▶

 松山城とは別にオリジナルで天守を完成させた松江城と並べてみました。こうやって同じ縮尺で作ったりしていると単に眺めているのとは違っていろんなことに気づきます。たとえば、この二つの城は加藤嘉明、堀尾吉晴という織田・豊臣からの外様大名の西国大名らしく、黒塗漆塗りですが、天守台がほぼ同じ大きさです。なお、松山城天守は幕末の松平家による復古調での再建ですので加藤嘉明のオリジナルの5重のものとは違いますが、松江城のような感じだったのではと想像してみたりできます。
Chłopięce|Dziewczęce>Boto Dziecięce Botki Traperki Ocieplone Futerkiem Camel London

◀
▶

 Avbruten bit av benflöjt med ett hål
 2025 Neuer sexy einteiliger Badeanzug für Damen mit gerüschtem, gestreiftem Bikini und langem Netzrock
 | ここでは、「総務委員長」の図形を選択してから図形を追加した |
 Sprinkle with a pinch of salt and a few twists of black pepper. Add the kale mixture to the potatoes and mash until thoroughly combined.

◀

Precisely the lines between those holding "松山城とは別にオリジナルで天" and "Chłopięce|Dziewczęce>Boto Dziecięce Botki", inclusive, are to be reproduced from the listing above, with nothing added.

 松山城とは別にオリジナルで天守を完成させた松江城と並べてみました。こうやって同じ縮尺で作ったりしていると単に眺めているのとは違っていろんなことに気づきます。たとえば、この二つの城は加藤嘉明、堀尾吉晴という織田・豊臣からの外様大名の西国大名らしく、黒塗漆塗りですが、天守台がほぼ同じ大きさです。なお、松山城天守は幕末の松平家による復古調での再建ですので加藤嘉明のオリジナルの5重のものとは違いますが、松江城のような感じだったのではと想像してみたりできます。
Chłopięce|Dziewczęce>Boto Dziecięce Botki Traperki Ocieplone Futerkiem Camel London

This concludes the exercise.